- [Task instructions]:
Going through the data below, copy out each line where the word "modifications" shows up.

━━━━━━━━━━━━━━━━

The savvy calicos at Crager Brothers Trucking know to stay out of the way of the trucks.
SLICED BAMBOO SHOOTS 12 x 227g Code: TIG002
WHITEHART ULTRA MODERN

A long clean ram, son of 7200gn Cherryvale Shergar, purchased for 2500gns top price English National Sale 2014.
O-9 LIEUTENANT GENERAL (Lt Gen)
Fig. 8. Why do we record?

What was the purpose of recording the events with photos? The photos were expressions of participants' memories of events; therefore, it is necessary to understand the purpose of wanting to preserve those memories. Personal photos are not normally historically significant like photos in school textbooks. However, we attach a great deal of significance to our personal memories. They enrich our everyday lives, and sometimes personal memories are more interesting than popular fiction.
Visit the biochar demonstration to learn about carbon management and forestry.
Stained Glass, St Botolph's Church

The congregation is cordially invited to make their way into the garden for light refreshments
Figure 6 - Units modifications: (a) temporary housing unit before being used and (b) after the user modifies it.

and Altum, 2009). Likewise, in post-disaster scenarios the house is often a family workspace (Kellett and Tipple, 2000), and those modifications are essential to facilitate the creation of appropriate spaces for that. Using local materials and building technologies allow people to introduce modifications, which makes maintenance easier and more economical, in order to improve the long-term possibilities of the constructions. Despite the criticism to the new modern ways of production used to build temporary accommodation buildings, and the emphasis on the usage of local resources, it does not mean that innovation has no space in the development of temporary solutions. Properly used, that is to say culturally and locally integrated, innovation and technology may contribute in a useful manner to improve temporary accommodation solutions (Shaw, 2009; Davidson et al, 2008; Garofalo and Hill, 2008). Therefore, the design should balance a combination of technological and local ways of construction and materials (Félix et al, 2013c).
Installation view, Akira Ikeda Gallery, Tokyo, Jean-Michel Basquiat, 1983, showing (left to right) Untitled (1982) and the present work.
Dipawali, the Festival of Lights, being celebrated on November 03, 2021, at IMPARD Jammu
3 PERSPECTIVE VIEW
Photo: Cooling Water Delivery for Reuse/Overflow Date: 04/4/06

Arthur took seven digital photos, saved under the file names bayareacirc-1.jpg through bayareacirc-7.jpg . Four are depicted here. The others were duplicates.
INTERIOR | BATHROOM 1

━━━━━━━━━━━━━━━━

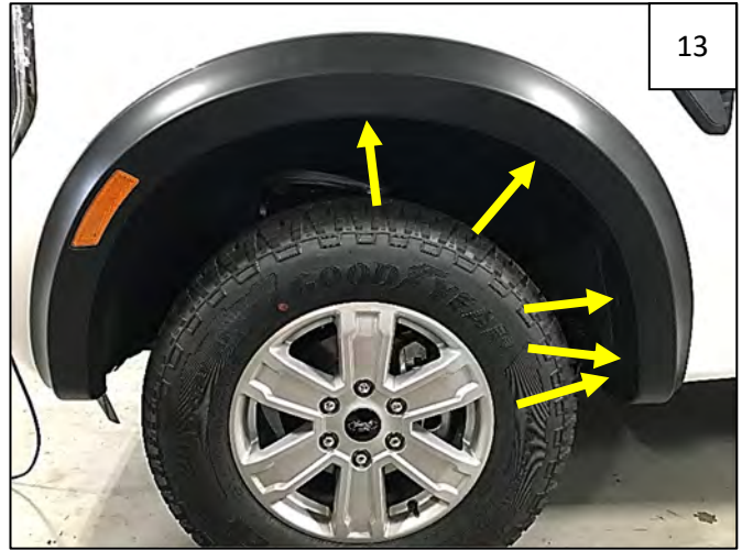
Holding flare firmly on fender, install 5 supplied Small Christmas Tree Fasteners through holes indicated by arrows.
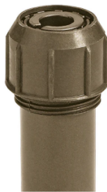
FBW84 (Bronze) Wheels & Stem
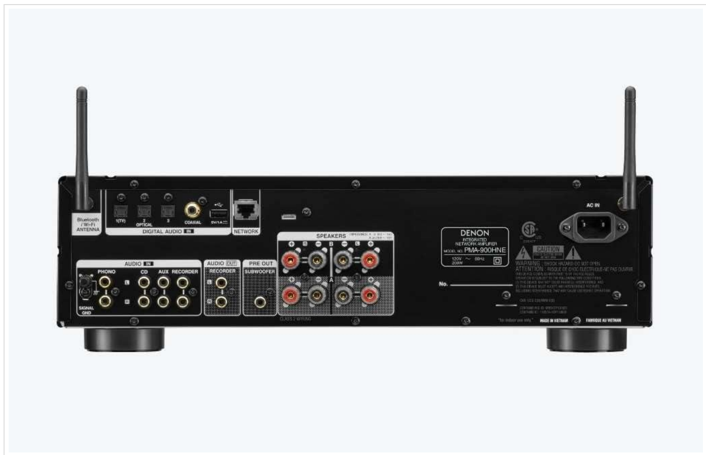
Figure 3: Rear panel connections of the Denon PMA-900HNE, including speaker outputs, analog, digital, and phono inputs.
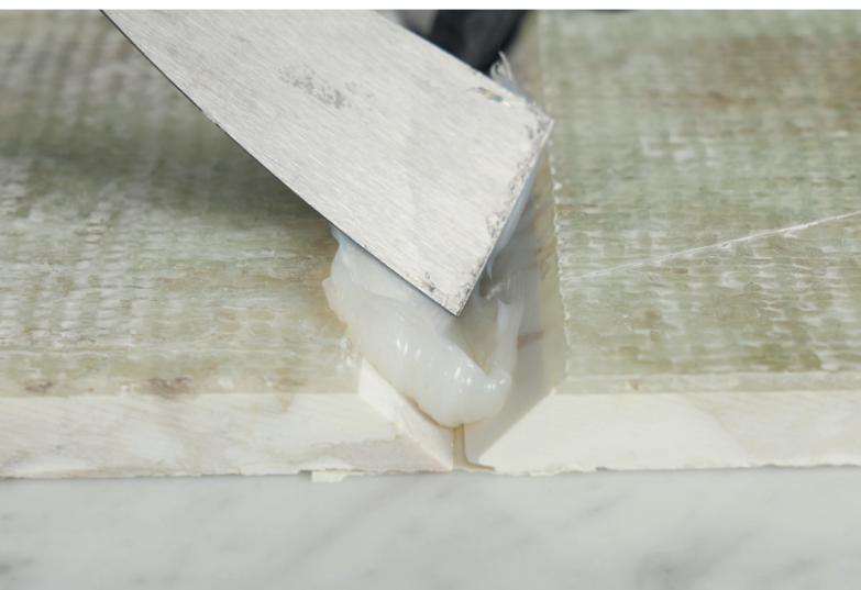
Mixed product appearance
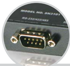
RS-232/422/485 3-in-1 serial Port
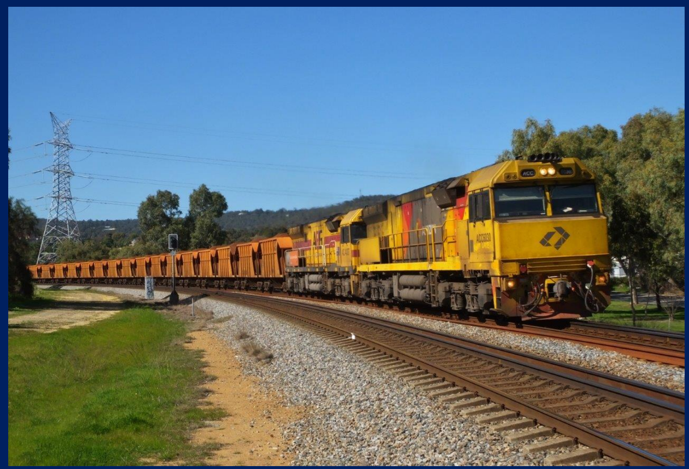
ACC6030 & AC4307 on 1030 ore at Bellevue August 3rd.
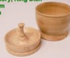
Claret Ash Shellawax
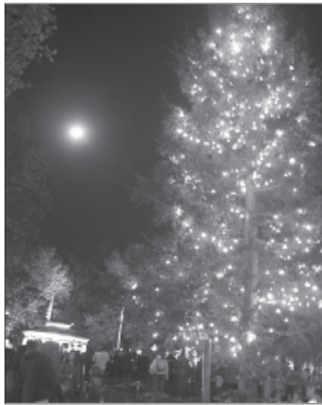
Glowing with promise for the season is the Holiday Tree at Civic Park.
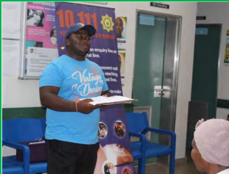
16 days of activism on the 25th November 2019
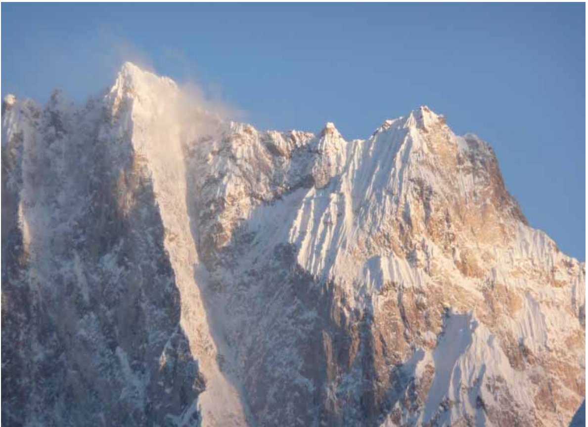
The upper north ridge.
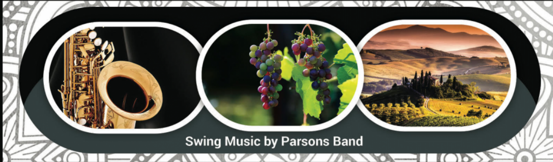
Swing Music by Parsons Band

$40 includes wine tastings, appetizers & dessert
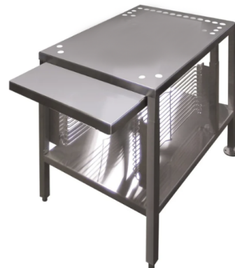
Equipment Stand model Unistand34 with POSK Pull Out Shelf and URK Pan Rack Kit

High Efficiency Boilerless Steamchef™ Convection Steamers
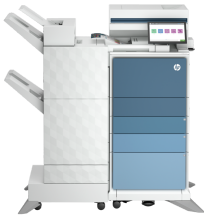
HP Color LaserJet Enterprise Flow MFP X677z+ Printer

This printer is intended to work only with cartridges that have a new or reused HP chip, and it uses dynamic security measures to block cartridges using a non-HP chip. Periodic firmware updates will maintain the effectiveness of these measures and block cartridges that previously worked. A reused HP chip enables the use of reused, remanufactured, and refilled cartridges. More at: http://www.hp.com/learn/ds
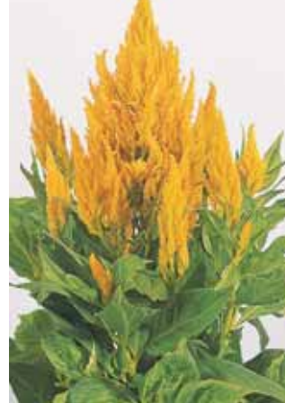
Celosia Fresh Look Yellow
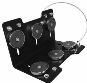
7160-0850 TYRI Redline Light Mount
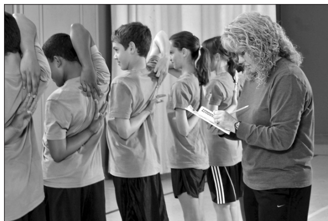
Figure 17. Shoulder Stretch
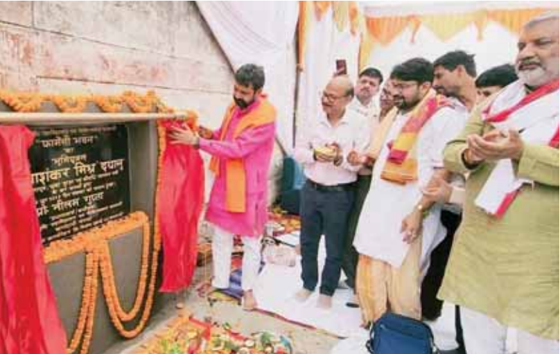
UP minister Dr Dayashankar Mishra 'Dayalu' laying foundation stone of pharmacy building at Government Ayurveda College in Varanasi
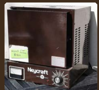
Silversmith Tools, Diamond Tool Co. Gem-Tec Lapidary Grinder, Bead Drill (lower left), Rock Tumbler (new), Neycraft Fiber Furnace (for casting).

━━━━━━━━━━━━━━━━

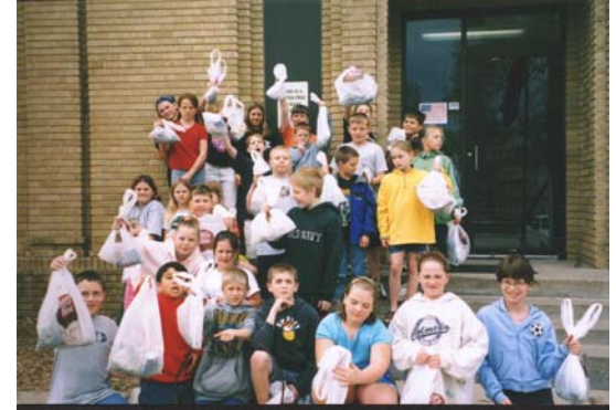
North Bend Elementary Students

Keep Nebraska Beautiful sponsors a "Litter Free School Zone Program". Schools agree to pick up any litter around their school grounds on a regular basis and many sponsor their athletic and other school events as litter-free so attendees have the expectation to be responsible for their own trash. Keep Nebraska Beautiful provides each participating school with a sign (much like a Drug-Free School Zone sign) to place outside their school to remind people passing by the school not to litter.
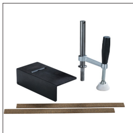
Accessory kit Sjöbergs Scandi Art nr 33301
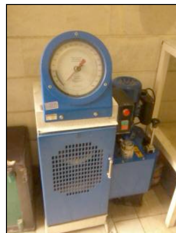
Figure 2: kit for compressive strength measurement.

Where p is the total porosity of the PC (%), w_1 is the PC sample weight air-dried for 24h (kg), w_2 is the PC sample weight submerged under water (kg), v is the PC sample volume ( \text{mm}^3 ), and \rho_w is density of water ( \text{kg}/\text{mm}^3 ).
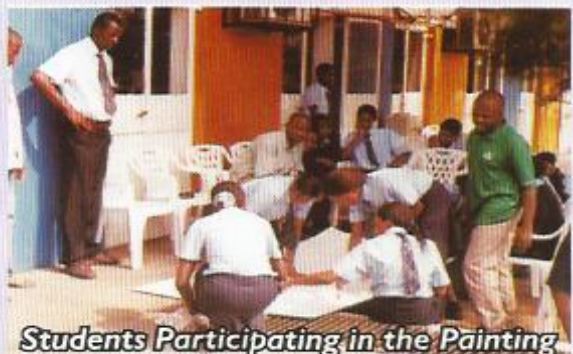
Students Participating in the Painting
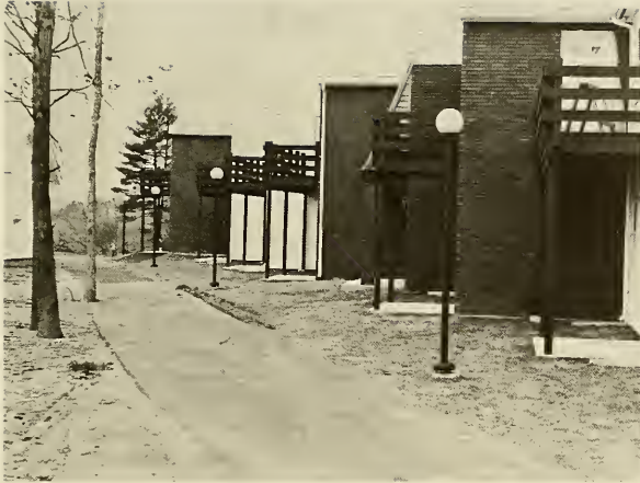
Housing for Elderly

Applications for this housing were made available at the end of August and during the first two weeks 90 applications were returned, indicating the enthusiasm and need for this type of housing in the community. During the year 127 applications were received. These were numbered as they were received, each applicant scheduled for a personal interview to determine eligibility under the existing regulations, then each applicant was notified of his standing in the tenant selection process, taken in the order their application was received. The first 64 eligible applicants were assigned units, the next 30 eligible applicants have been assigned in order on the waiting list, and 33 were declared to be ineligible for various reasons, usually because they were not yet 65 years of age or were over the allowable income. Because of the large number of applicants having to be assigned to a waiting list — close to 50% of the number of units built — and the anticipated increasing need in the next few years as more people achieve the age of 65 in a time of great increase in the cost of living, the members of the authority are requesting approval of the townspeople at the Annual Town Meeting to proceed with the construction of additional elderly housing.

━━━━━━━━━━━━━━━━

- [Solution to this problem]:
Figure 6 - Units modifications: (a) temporary housing unit before being used and (b) after the user modifies it.
and Altum, 2009). Likewise, in post-disaster scenarios the house is often a family workspace (Kellett and Tipple, 2000), and those modifications are essential to facilitate the creation of appropriate spaces for that. Using local materials and building technologies allow people to introduce modifications, which makes maintenance easier and more economical, in order to improve the long-term possibilities of the constructions. Despite the criticism to the new modern ways of production used to build temporary accommodation buildings, and the emphasis on the usage of local resources, it does not mean that innovation has no space in the development of temporary solutions. Properly used, that is to say culturally and locally integrated, innovation and technology may contribute in a useful manner to improve temporary accommodation solutions (Shaw, 2009; Davidson et al, 2008; Garofalo and Hill, 2008). Therefore, the design should balance a combination of technological and local ways of construction and materials (Félix et al, 2013c).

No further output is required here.